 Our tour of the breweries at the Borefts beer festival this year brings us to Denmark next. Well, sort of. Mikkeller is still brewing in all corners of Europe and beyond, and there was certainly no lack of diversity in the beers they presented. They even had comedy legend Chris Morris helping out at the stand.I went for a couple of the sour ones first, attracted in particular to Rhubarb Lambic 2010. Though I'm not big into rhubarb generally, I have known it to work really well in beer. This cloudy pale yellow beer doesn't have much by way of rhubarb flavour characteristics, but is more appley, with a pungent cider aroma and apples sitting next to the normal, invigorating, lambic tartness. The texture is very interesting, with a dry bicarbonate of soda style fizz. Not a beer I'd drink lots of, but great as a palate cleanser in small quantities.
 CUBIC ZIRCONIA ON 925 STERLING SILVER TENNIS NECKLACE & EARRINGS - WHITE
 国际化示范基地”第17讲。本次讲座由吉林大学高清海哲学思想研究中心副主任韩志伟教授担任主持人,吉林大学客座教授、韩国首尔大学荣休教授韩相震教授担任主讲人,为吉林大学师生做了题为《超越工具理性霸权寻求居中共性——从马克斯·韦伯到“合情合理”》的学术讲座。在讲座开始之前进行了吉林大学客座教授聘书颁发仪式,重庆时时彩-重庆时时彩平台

◇ ◇ ◇ ◇ ◇ ◇ ◇

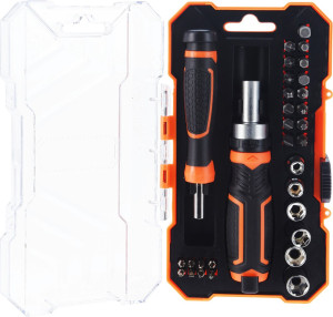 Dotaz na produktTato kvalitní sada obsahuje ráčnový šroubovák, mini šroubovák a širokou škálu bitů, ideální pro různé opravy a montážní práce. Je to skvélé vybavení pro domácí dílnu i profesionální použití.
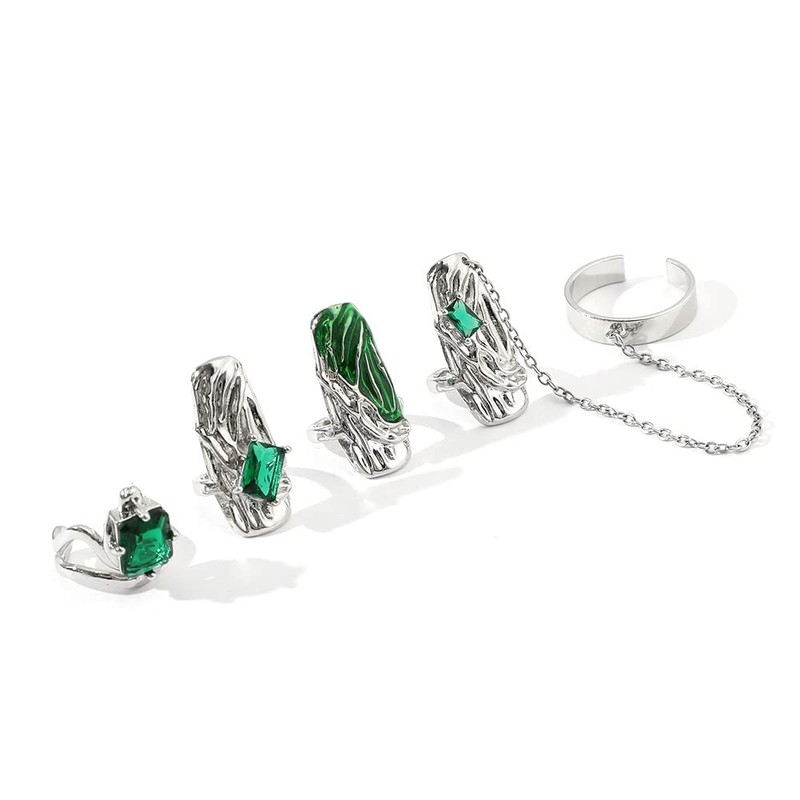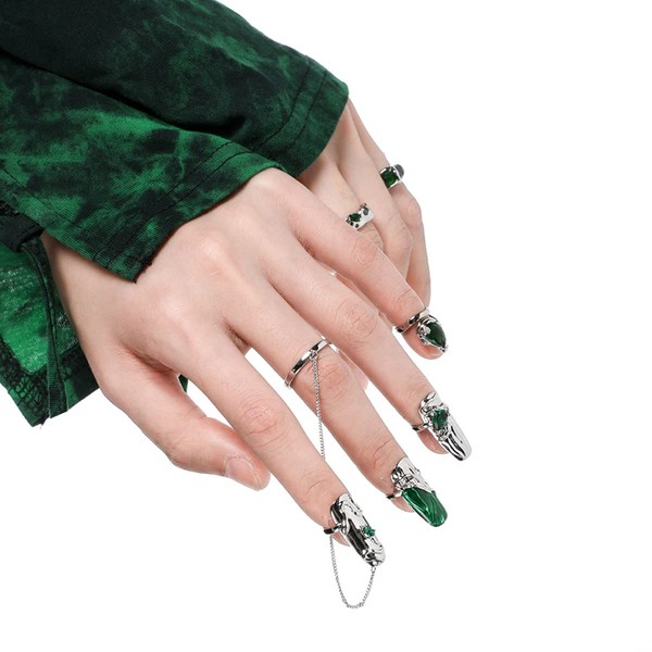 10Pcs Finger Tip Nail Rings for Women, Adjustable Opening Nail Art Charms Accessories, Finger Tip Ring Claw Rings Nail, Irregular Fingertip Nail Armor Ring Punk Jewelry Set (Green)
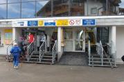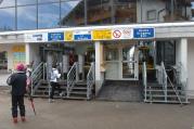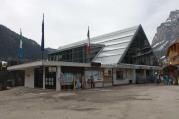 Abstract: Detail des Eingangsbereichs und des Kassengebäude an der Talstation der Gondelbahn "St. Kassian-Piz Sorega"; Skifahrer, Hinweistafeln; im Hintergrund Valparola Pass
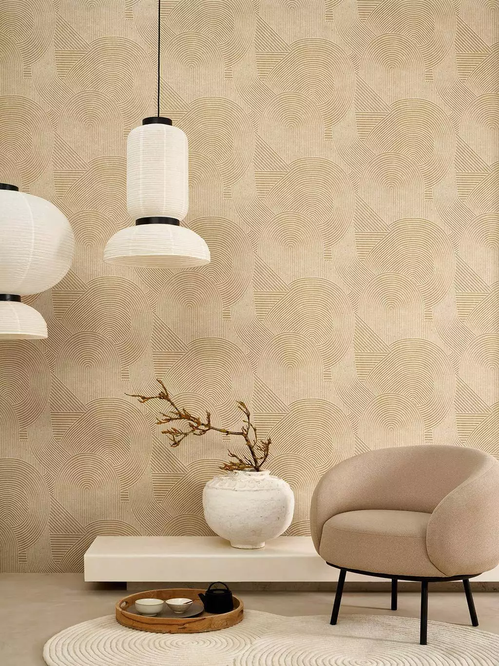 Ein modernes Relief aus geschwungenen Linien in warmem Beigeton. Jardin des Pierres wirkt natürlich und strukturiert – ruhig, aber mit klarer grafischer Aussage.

◇ ◇ ◇ ◇ ◇ ◇ ◇

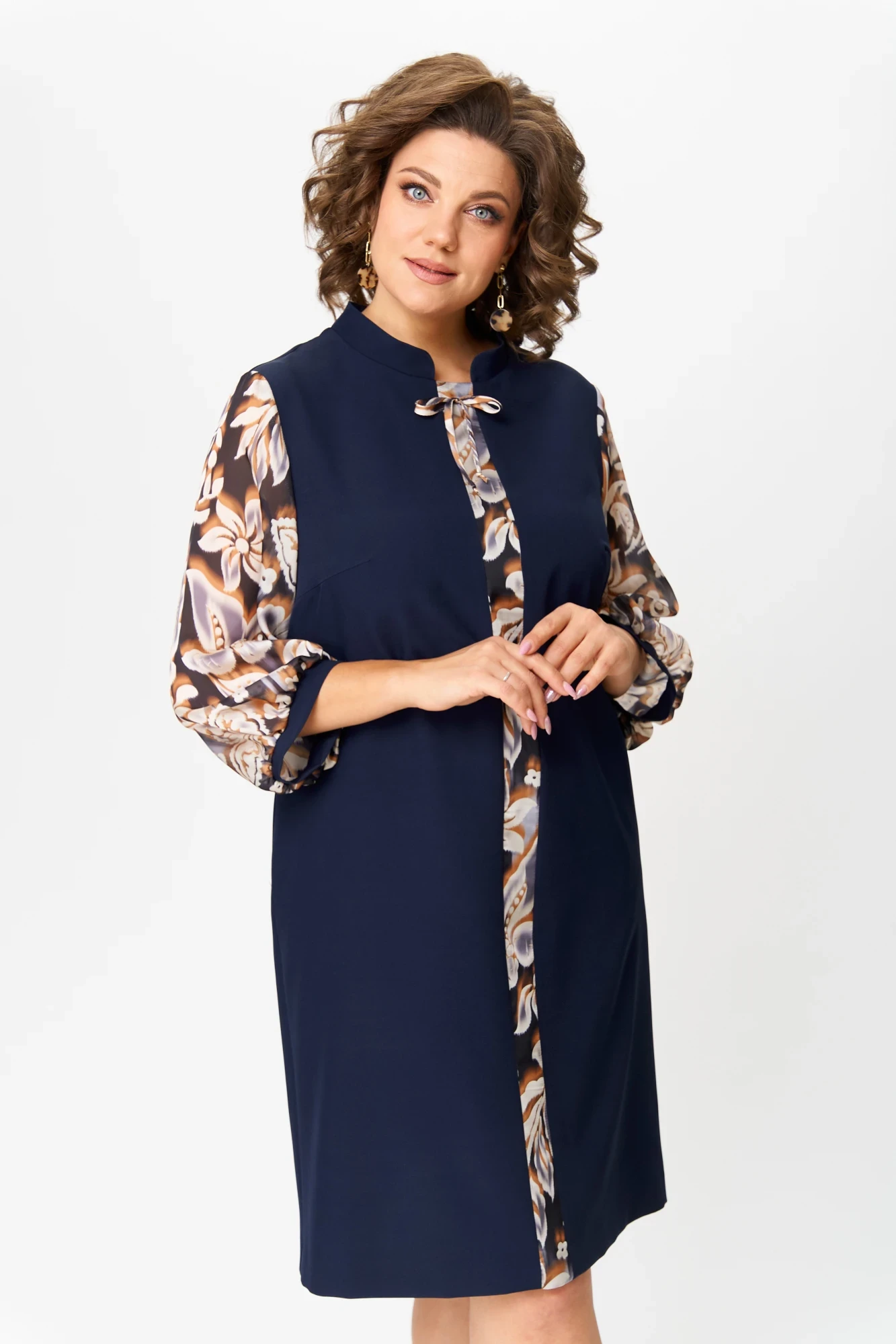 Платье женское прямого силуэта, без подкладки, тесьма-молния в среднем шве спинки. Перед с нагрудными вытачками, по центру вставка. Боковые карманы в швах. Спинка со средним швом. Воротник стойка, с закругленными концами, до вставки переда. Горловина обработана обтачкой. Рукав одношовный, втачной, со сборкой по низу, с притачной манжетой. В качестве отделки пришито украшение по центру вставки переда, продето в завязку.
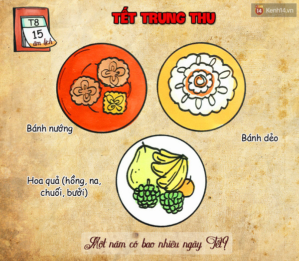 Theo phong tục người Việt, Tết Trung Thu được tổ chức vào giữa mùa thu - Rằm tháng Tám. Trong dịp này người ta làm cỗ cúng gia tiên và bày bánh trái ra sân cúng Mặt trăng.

◇ ◇ ◇ ◇ ◇ ◇ ◇

◆ **Problem to solve**
In the records above, everything from the line with "10Pcs Finger Tip" down to the line with "Ein modernes Relief" is to be set down exactly, both ends included, with no pictures and no other lines.

◆ **Task response**
 10Pcs Finger Tip Nail Rings for Women, Adjustable Opening Nail Art Charms Accessories, Finger Tip Ring Claw Rings Nail, Irregular Fingertip Nail Armor Ring Punk Jewelry Set (Green)
 Abstract: Detail des Eingangsbereichs und des Kassengebäude an der Talstation der Gondelbahn "St. Kassian-Piz Sorega"; Skifahrer, Hinweistafeln; im Hintergrund Valparola Pass
 Ein modernes Relief aus geschwungenen Linien in warmem Beigeton. Jardin des Pierres wirkt natürlich und strukturiert – ruhig, aber mit klarer grafischer Aussage.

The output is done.